As the survey results contained in this report show, that dependency on the IT department is one of the primary reasons why many users are not wholly satisfied with the reporting tools they have at their disposal.
BI tools vendors have been addressing those issues through the development of flexible, increasingly web-based tools focused on end-user needs that sidestep the complexity of traditional products, allowing sales staff, for example, to drill into their own numbers and augment their analyses as needed.
Good decision-making is also a factor of the trust that the end user places in the reported information. And that has to be established from the ground up.
The piecemeal growth of data sources at many organisations has meant that the same type of data is recorded in different places by different groups. So a customer identification held in the sales database might differ from that held by finance. Often that means that interpretations of reported data are highly divergent, depending on where that data was sourced.

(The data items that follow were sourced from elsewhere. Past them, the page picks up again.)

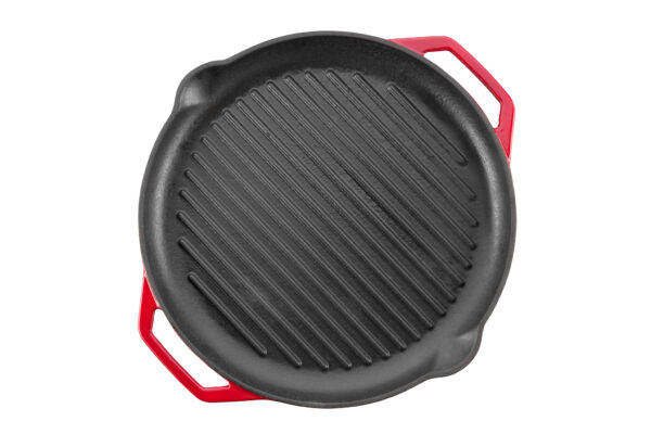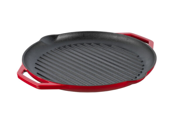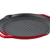 Grand Feu griddle cast-iron pan.  Colour: red. This classic, round cast-iron pan with a coloured enamel coating on the outside and a grill pattern makes it easy to prepare your favourite barbecue food.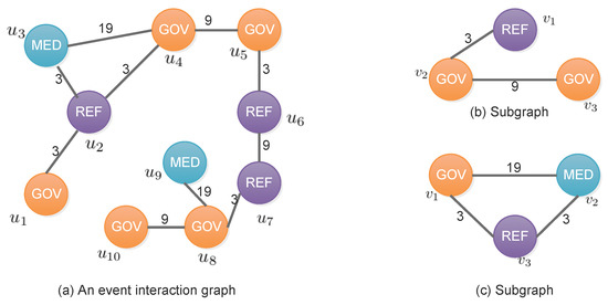 For example, Figure 1a illustrates a labelled graph of event interaction graph. Node labels represent the event actor’s type (e.g., GOV: government) in CAMEO (Conflict And Mediation Event Observations) codes [28] and edge labels represent the event type [28] between the two actors. Figure 1b,c shows two subgraphs of Figure 1a. Figure 1b () has three isomorphisms with respect to graph (a): , and .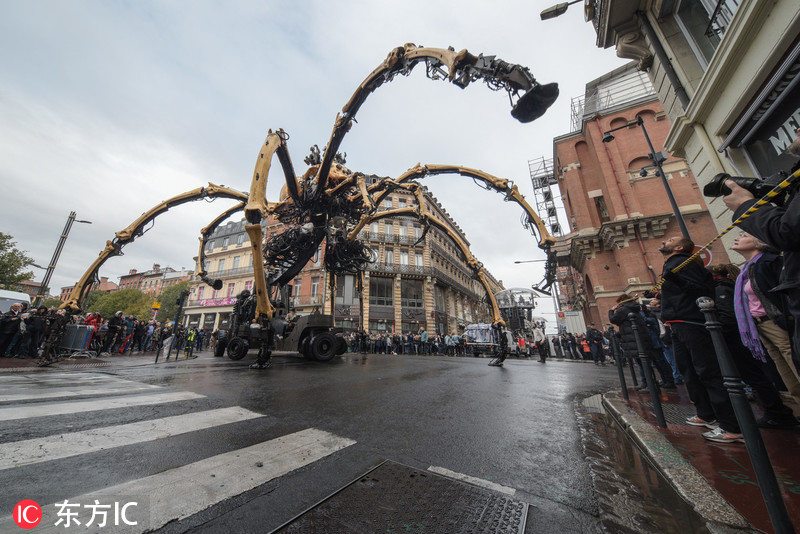 当地时间2018年11月2日,法国图卢兹,法国街头戏剧公司La Machine在当地举办名为“Le Gardien du Temple”的展出表演,半人半牛怪弥诺陶洛斯和蜘蛛机械怪兽亮相,吸引大批民众围观。图片来源:东方IC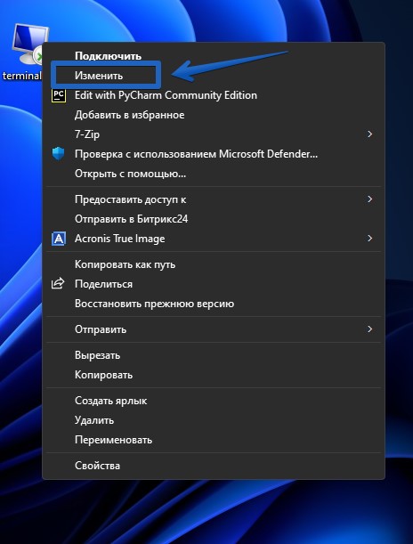 4. Перед подключением к удаленному рабочему столу, нажмите на соотвествующем ярлыке правой кнопкой мыши и выберите Изменить (рис.3).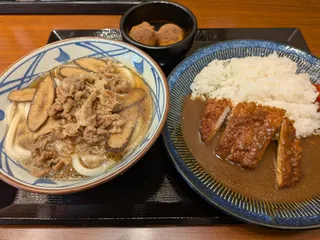 ワクワクいっぱい、久留米国分店🍜 本日の丸亀製麺は、肉ごぼううどん+カツカレー+うどーなつ2個!そんなのあるの??ばかりのメニューですが、ここにはあるんです。それが、久留米国分店のまんきつ定食🙆肉ごほううどん+ご飯もの+うどーなつ2個で870円と、内容に対して破格なセットになっております。ボリューム満点でお腹がはち切れそうでしたが、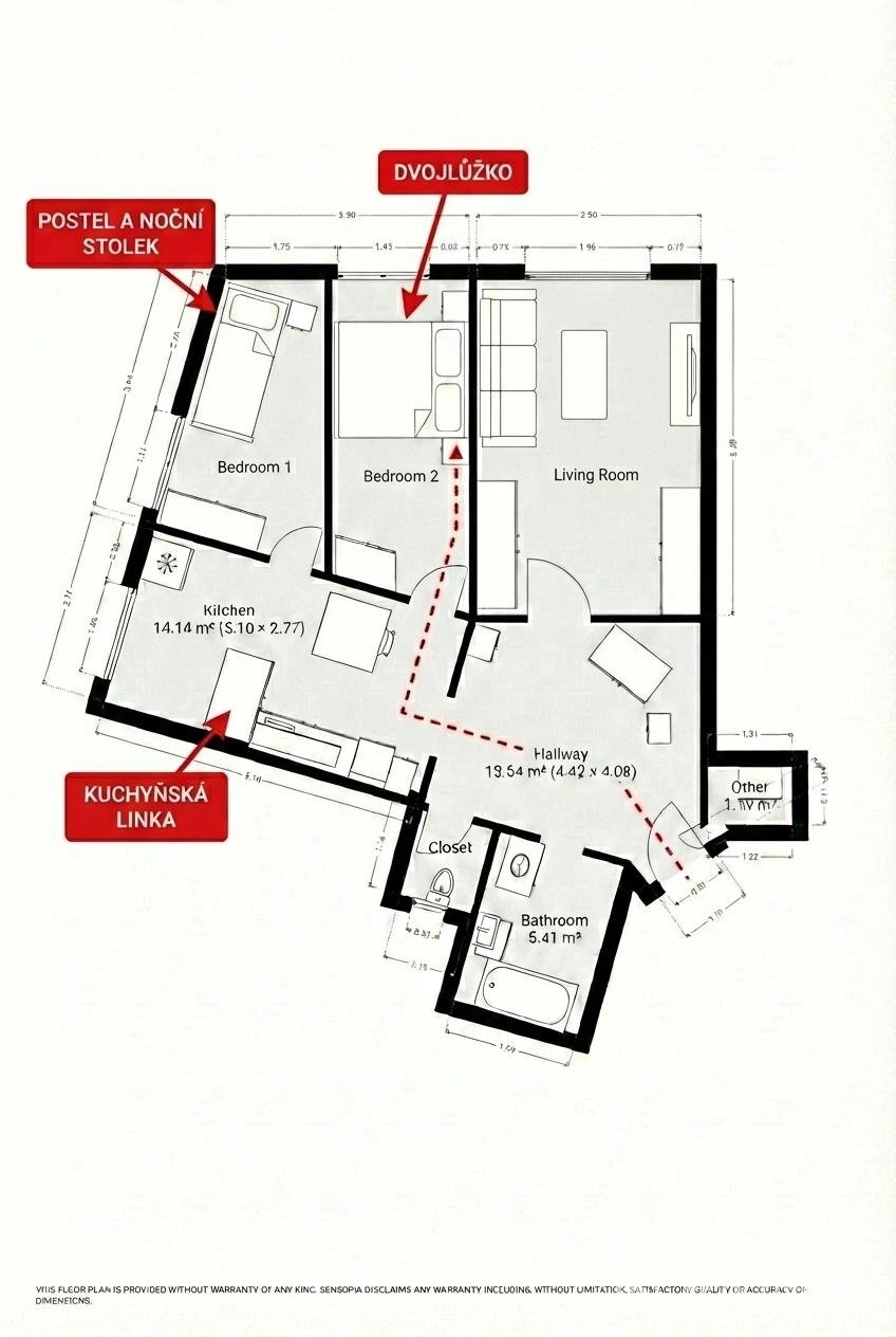 Příčka mezi ložnicí a kuchyní je nenosná – jejím odstraněním lze byt snadno rozšířit na dispozici 3+1. Stávající ložnici (19,9 m²) je navíc možné rozdělit sádrokartonovou příčkou na dvě plnohodnotné ložnice, každá s vlastním oknem. Půdorys s návrhem nového uspořádání naleznete ve fotogalerii.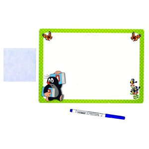 materiál pevný silný kartón, lesklý povrch z rubovej aj lícovej strany, súčasťou výrobku 2 stierateľné popisovače modrej a čiernej farby, slúžia na opakovaný nácvik písania i kreslenia, tabuľka vytvorená na …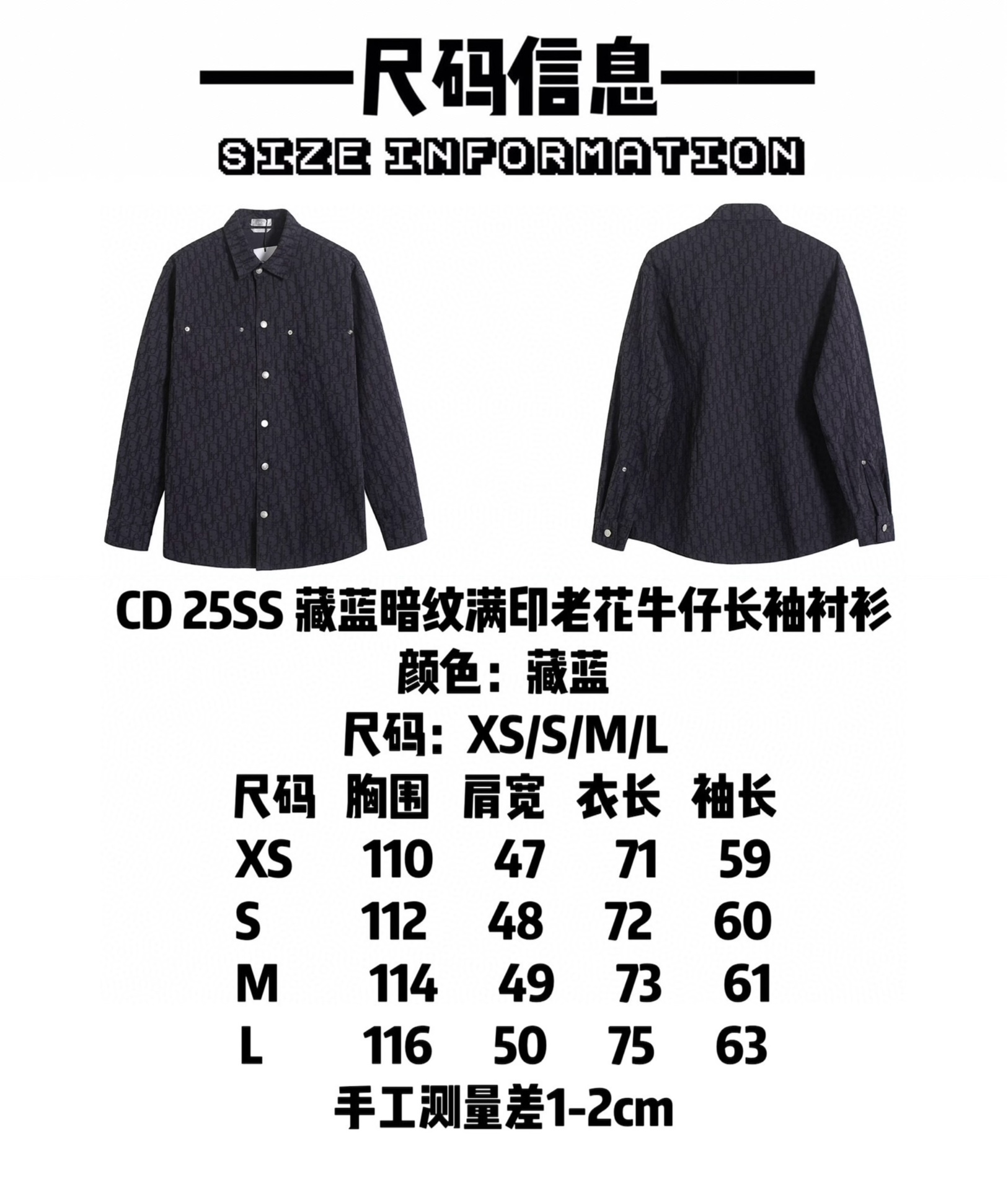 Christian Dior CD Dark Blue Oblique Denim Long Sleeve Shirt Unisex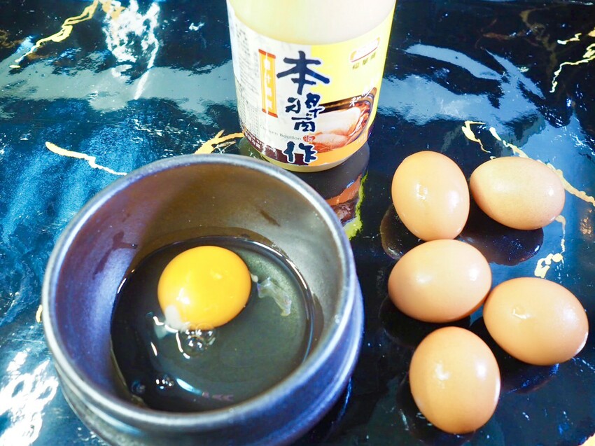 2.高湯及雞蛋混合均勻並打散成蛋液。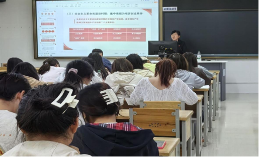 安工学院党委副书记周丹以《传承红色基因,学思践悟中国共产党人精神谱系》为题进行讲授。她指出在新时代,入党积极分子应深入学习贯彻习近平文化思想,传承红色基因、赓续红色血脉,增强志气、骨气、底气,自信自强、踔厉奋发。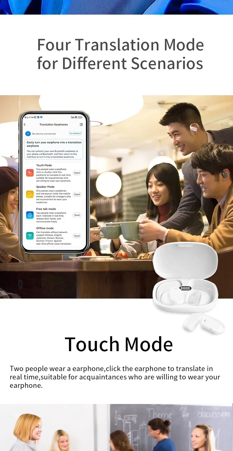 [Innovative Five translation modes for any scene] With five different translation modes, including touch mode, speaker mode, Free talk mode, offline mode and photo translation, this earbud can meet all your communication needs. From business meetings to casual conversations, the B66 Translation headset guarantees clear and effective communication, ensuring you don't miss a beat.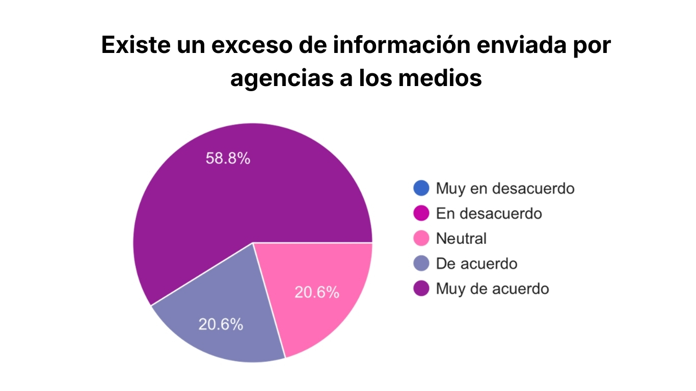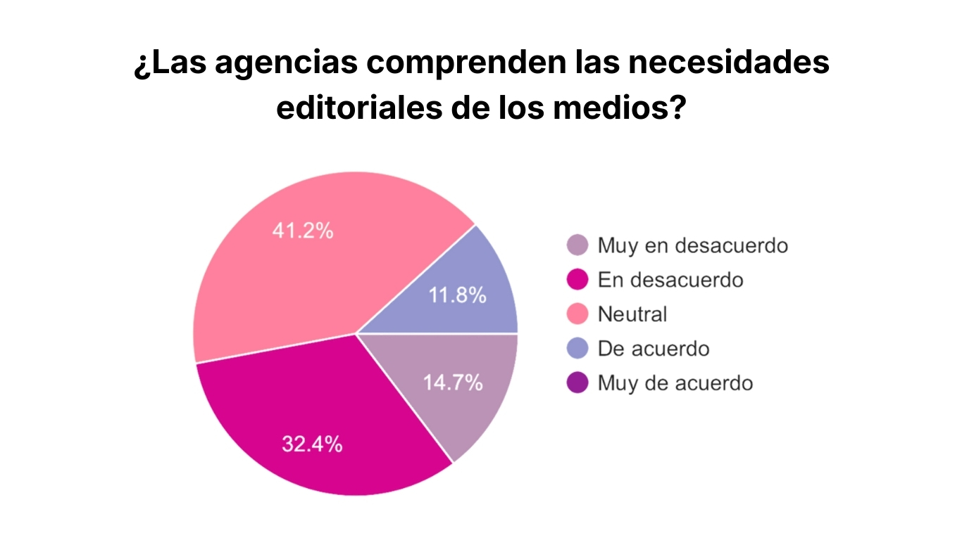 La encuesta lo confirma. Frente a la afirmación: “Las agencias comprenden las necesidades de los medios”, un 41% de los periodistas respondió de forma neutral, un 32% en desacuerdo, y un 14,7% muy en desacuerdo. En términos simples, más del 70% de los periodistas de medios percibe que desde las agencias no se comprenden de forma adecuada sus necesidades editoriales.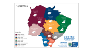 A previsão do tempo para esta quinta-feira (16) indica possibilidade de chuvas e tempestades em diversas regiões de Mato Grosso do Sul. De acordo com o Cemtec (Centro de Monitoramento do Tempo e do Clima), a instabilidade climática é provocada pela atuação de um centro de baixa pressão atmosférica originado no nordeste da Argentina.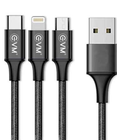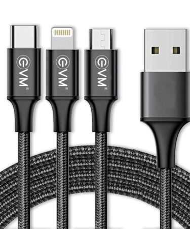 EVM 3in-1 Nylon Braided Smart Charging Cable for Android & iPhone – Micro USB, Type-C, 8 Pin(L) – Tangle-Free, 10,000+ Bend- Black – 1 Year Warranty (EVM-M3-Black)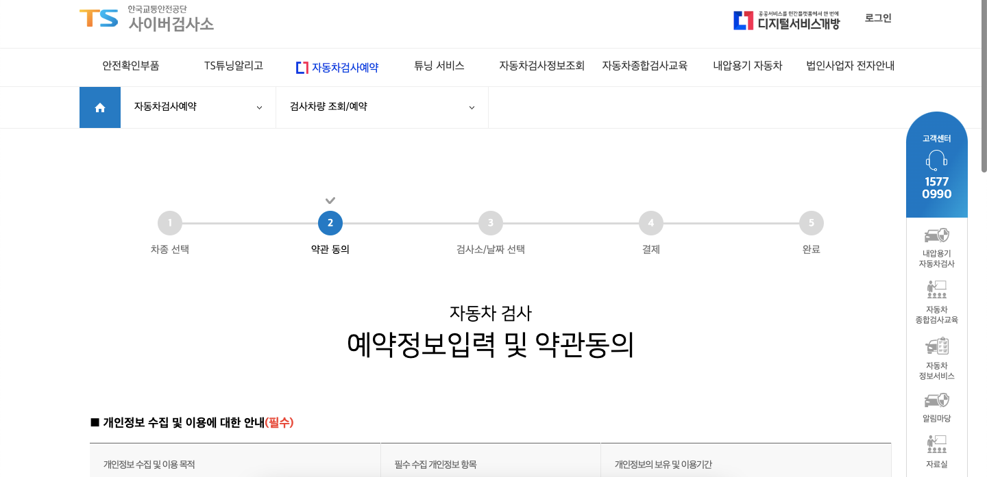 저는 인터넷으로 예약 후 방문했고, 집에 우편물 확인하면 바로 예약하시는걸 추천드립니다. 예약을 원하는 날짜, 시간에 하려면 미리 하시는것이 좋습니다. 검사 수수료도 발생합니다. 전화예약은 1577-0990입니다.

The move in many organisations is to rationalise those inconsistencies, to synchronise their different data sources through some kind of master data management layer, thereby enabling accurate and consistent reports across the business.
That need to trust the information contained in reports is even more acute when reports are more widely distributed. According to the survey, as well as the classic areas of finance and sales, reports are now a critical part of how organisations build understanding and support the decision-making processes in customer management, HR, staff productivity, stock management, transaction monitoring, equipment status, fee billing, market intelligence and many other areas.
The upshot is that reporting – once regarded as the dull, backroom part of business intelligence – is emerging as vibrant, dynamic and business-critical.